Staatsregierung bedauert Brexit

Auch der anstehende Austritt Großbritanniens aus der Europäischen Union war Thema im Ministerrat. Staatskanzleiminister Marcel Huber betonte einmal mehr, dass Bayern den Austritt des Landes aus der EU bedauere. „Wir müssen die Entscheidung der Mehrheit in Großbritannien für den Brexit aber akzeptieren und gemeinsam für alle Bürgerinnen und Bürger in Europa die vernünftigste Lösung für diese Situation finden“, sagte der Minister weiter.
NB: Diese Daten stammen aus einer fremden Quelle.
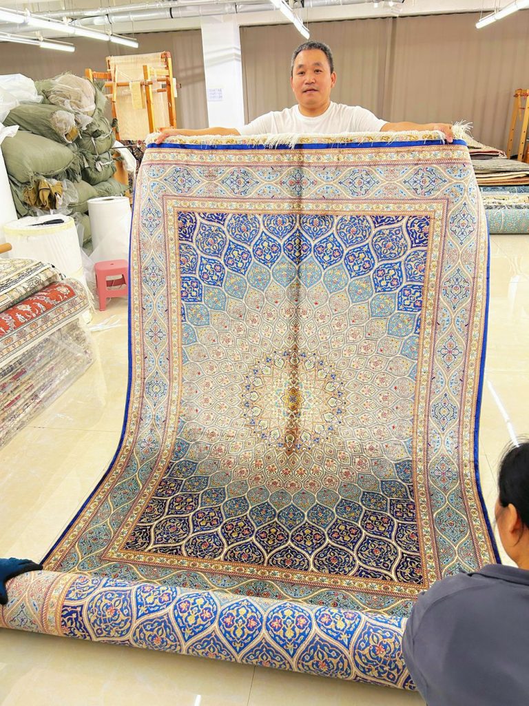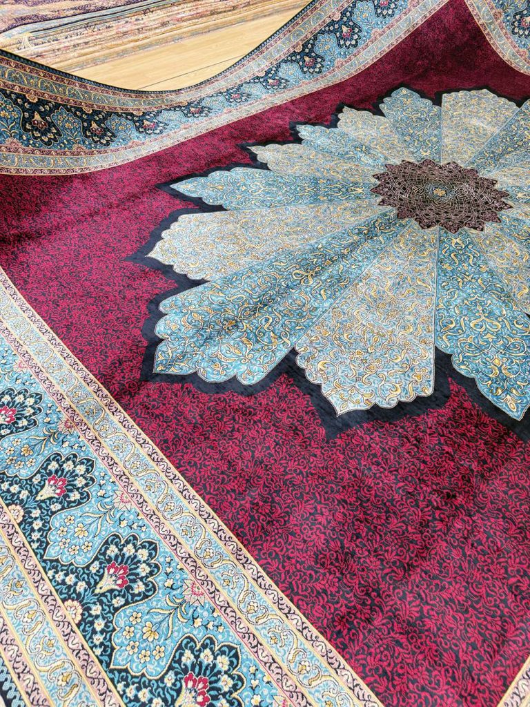 For this red Sultan design handmade silk carpet, size 6x9ft and 9x12ft are in stock now.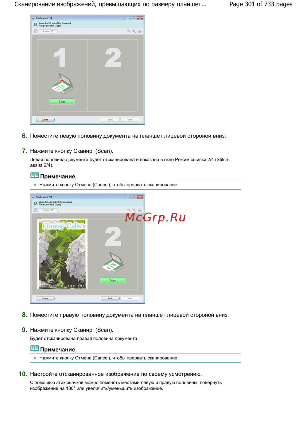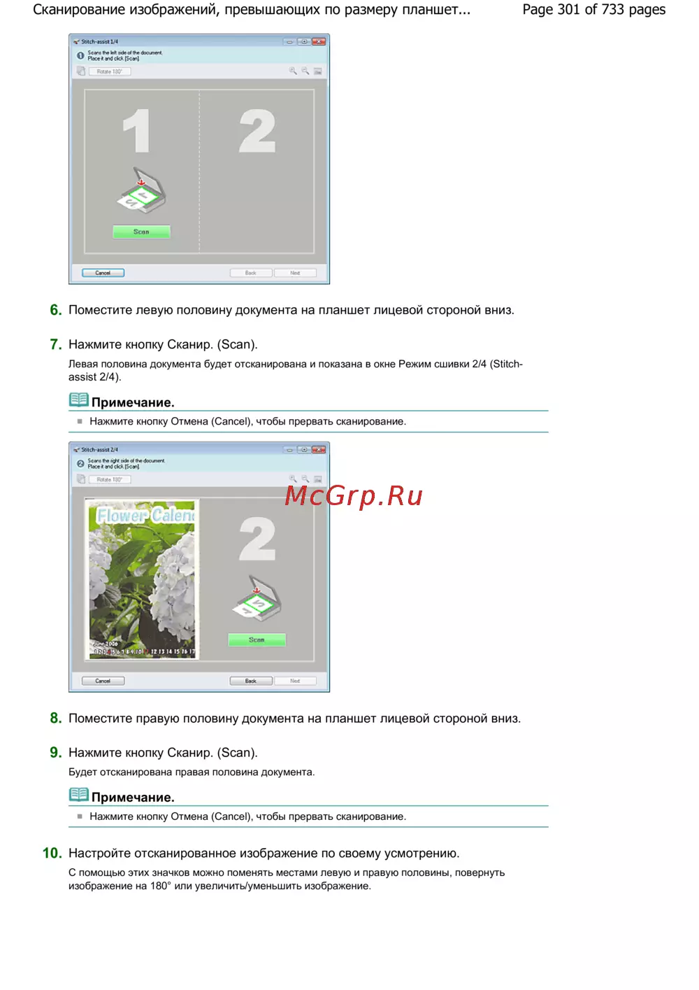 Page 301 of 733 pagesСканирование изображений, превышающих по размеру планшет...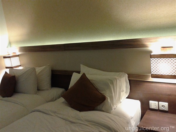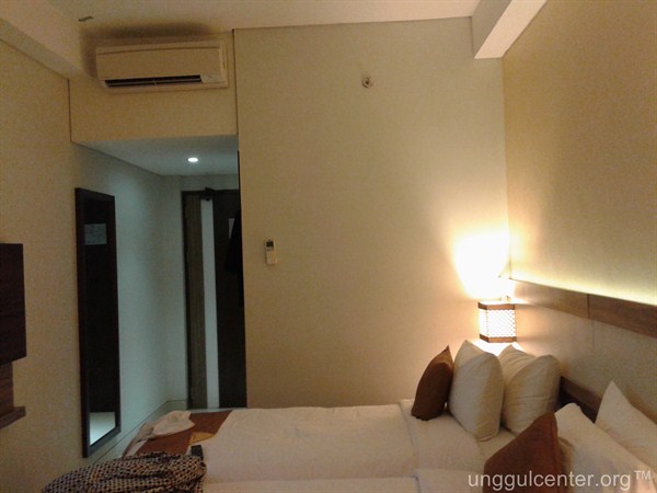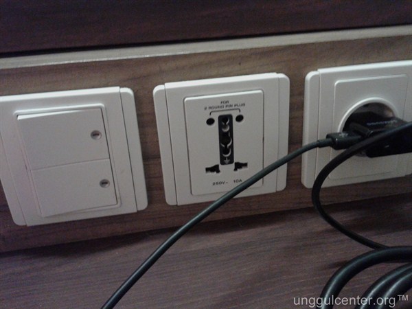 Kita tengok dulu kamarnya ya. Kamar ini yang saya suka adalah fasilitas colokannya. Di meja, selain colokan yang standard Indonesia, juga ada di tengahnya jenis colokan yang multil fungsi. Bisa model AS maupun juga colokan lokal Indonesia/Eropa tanpa harus adaptasi.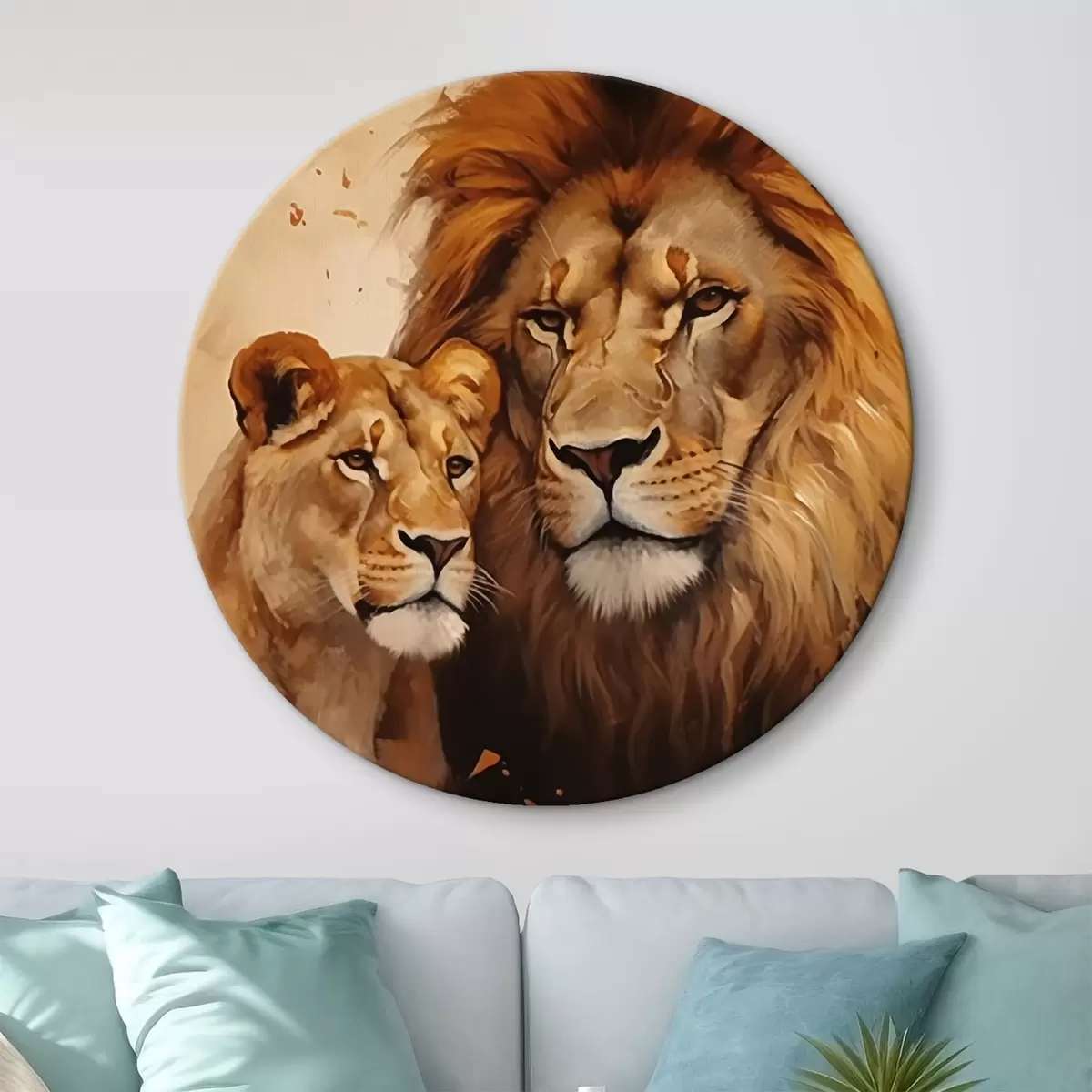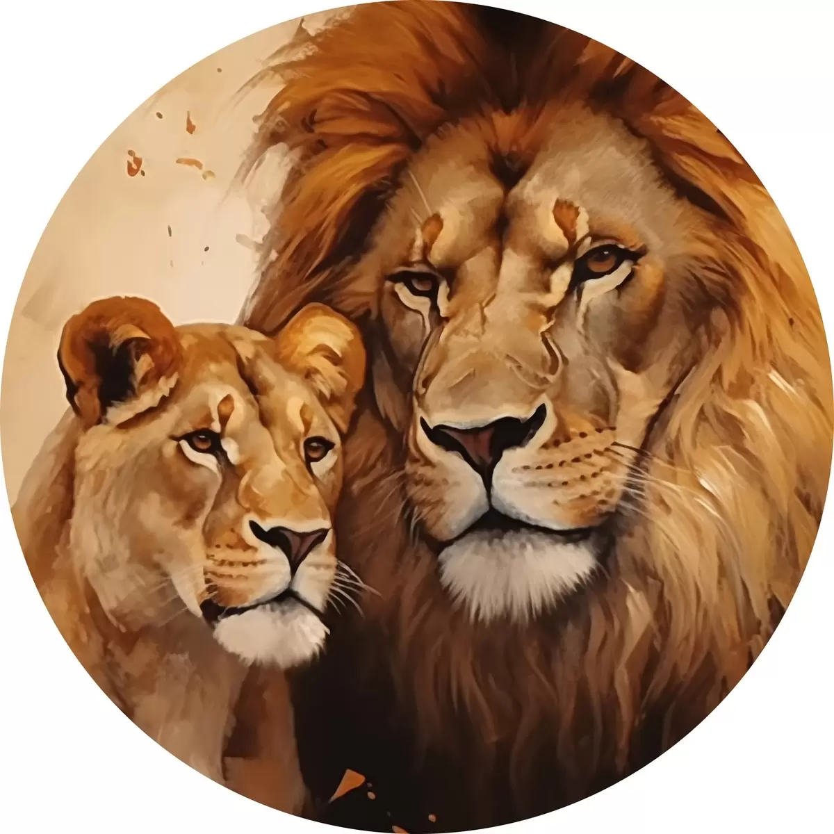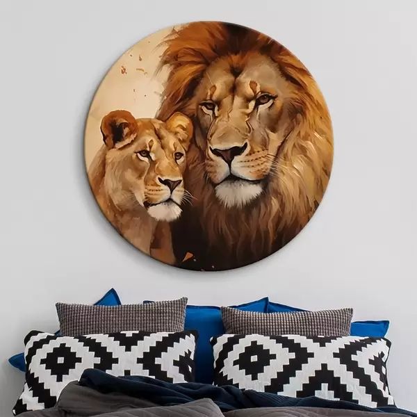 Cuadros redondos León y leona r44992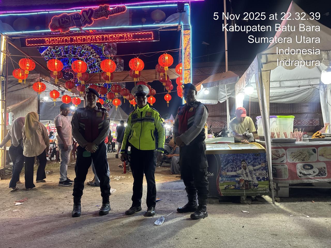 Dalam rangka menjaga keamanan dan ketertiban masyarakat, personel Satuan Samapta Polres Batu Bara melaksanakan kegiatan Cooling System serta patroli di lokasi acara Pekan Seni Budaya Daerah (PSBD) dan area Pasar Malam di Lapangan Bola Kaki Indrapura, Kecamatan Air Putih, Rabu malam (5/11/2025).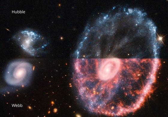 "Any way you slice it, the Cartwheel Galaxy is magnificent to behold. The top half of this image shows the galaxy as seen by NASA's Hubble Space Telescope in visible light, while the lower half of this image shows the James Webb Space Telescope's infrared view. Hubble and Webb will continue to work together to provide complementary views of the universe."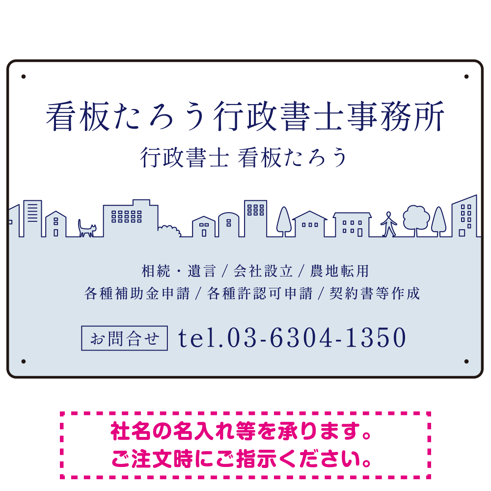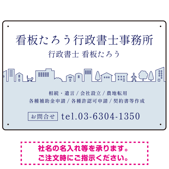 町並みイラストと柔らかな配色の行政書士・司法書士事務所向けデザインプレート看板 ブルー W450×H300 エコユニボード(SP-SMD700A-45x30U)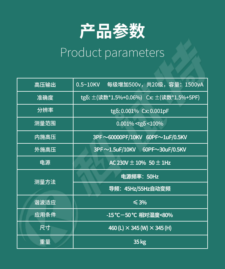 10、具有测量高电压介损功能,能够使用高压变压器或串联谐振进行超过10kV电压的介损试验。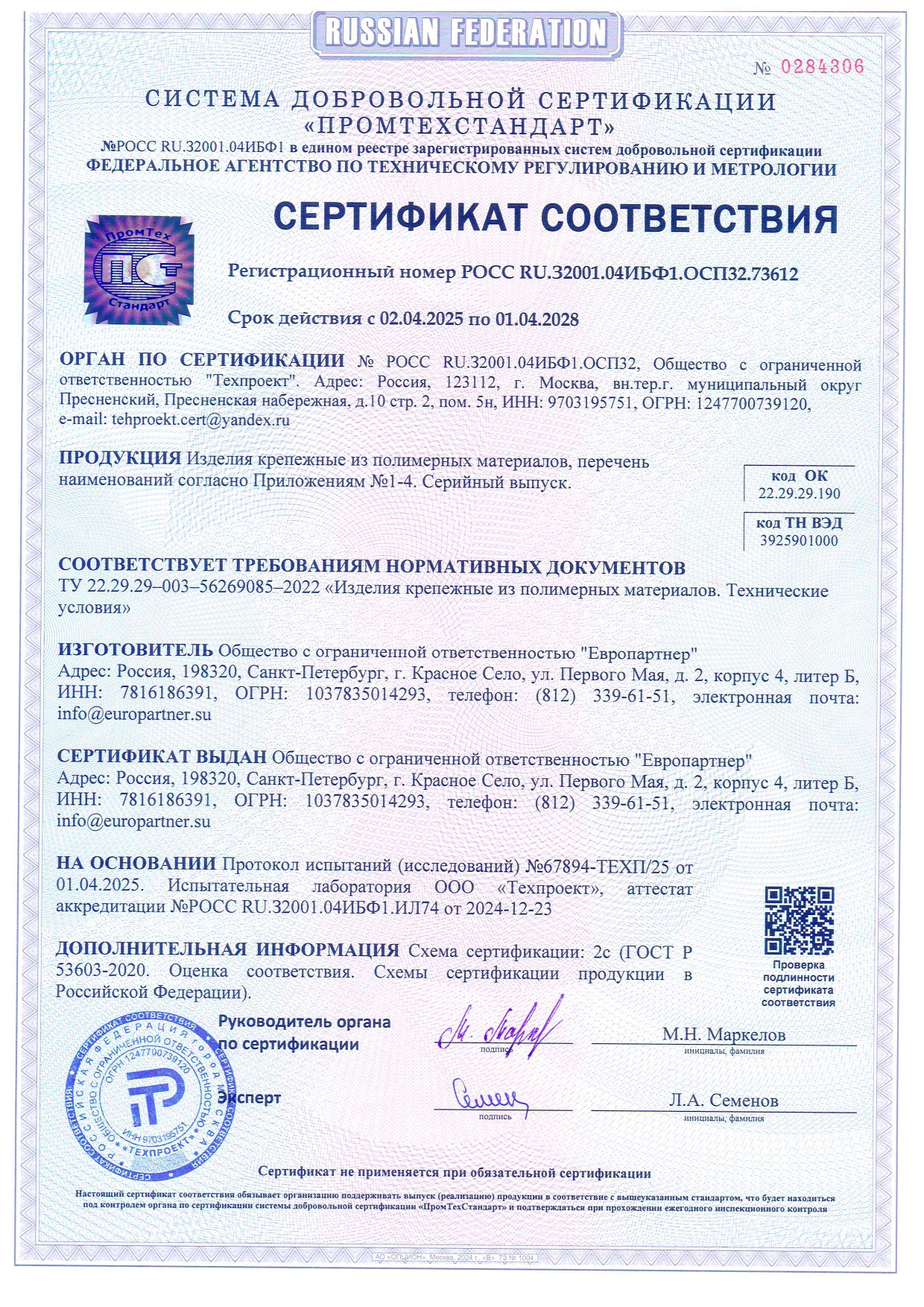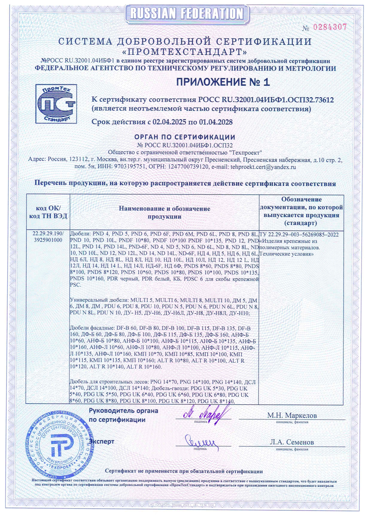 Имеет уникальную распорную зону, благодаря которой в качестве распорного элемента можно применять: шурупы, винты с метрической резьбой, гвозди с широким диапазоном типоразмеров.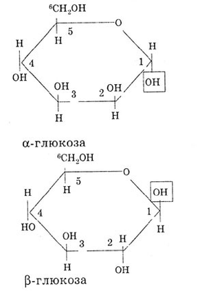 Если полуацетальный гидроксил и группа «ОН» у шестого углеродного атома находятся по разные стороны плоскости, то такой изомер называется α-глюкозой, если по одну сторону, то β-глюкозой: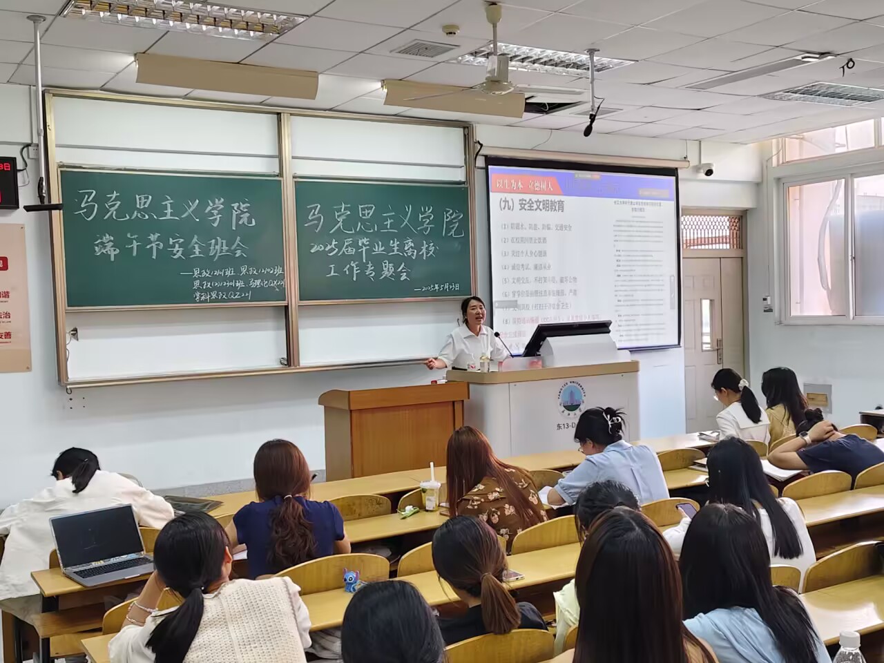 5月23日下午,学院在13教D225室召开2025届毕业生安全教育专题会,辅导员张云雾细致讲解了毕业生离校工作方案、档案转递、党组织关系接转、生源地贷款毕业确认流程等事项,重点开展了安全文明教育。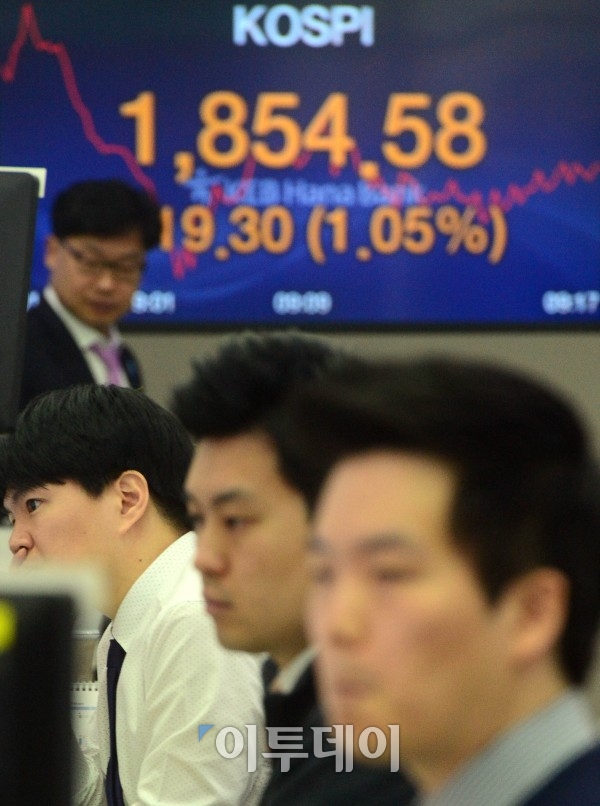 코스피가 국제 유가 급등과 저가 매수에 힘입어 상승세를 보이며 전 거래일보다 22.05포인트(1.20%) 오른 1857.33으로 출발했다. 15일 오전 서울 을지로 KEB하나은행 본점 딜링룸에서 직원들이 업무를 보고 있다. 노진환 기자 myfixer@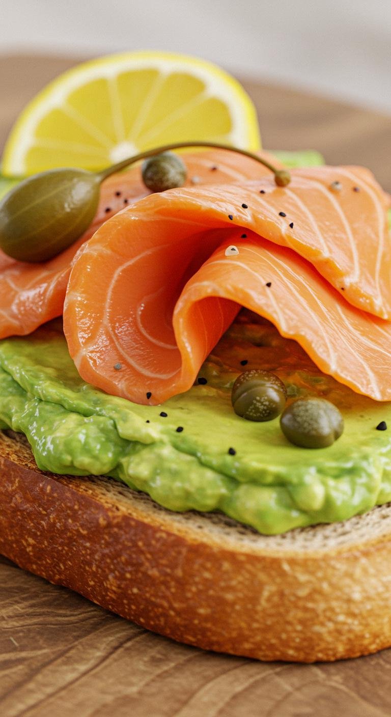 - Spread the mashed avocado and layer with smoked salmon and capers.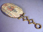 Antique French Bronze Brass Tapestry Hand Mirror 19th Century

Dazu sei es notwendig, jetzt konstruktive Gespräche zu beginnen mit dem Ziel, eine tragfähige Grundlage für die künftige Zusammenarbeit zwischen der EU und dem Vereinigten Königreich zu schaffen.

Bayern fordert „konstruktive Lösung“

„Wir wollen eine konstruktive Lösung für die Zukunft“, betonte Huber. Dieses Ziel müsse im Mittelpunkt der anstehenden Gespräche stehen, so der CSU-Politiker – nicht nur die schwierige Abwicklung der Mitgliedschaft. „Großbritannien ist wichtig als Absatzmarkt für unsere Produkte und auch als Partner für Sicherheit und Stabilität in Europa. Beide Seiten müssen jetzt aufeinander zugehen und ein neues Modell für den Handel und die politische Zusammenarbeit entwickeln“, sagte Huber. Ein Rückfall auf die Handelsregeln der WTO müsse unbedingt verhindert werden. Sollten sich beide Seiten nicht auf Nachfolgeabkommen zur EU-Mitgliedschaft einigen, wäre dies allerdings die logische Konsequenz.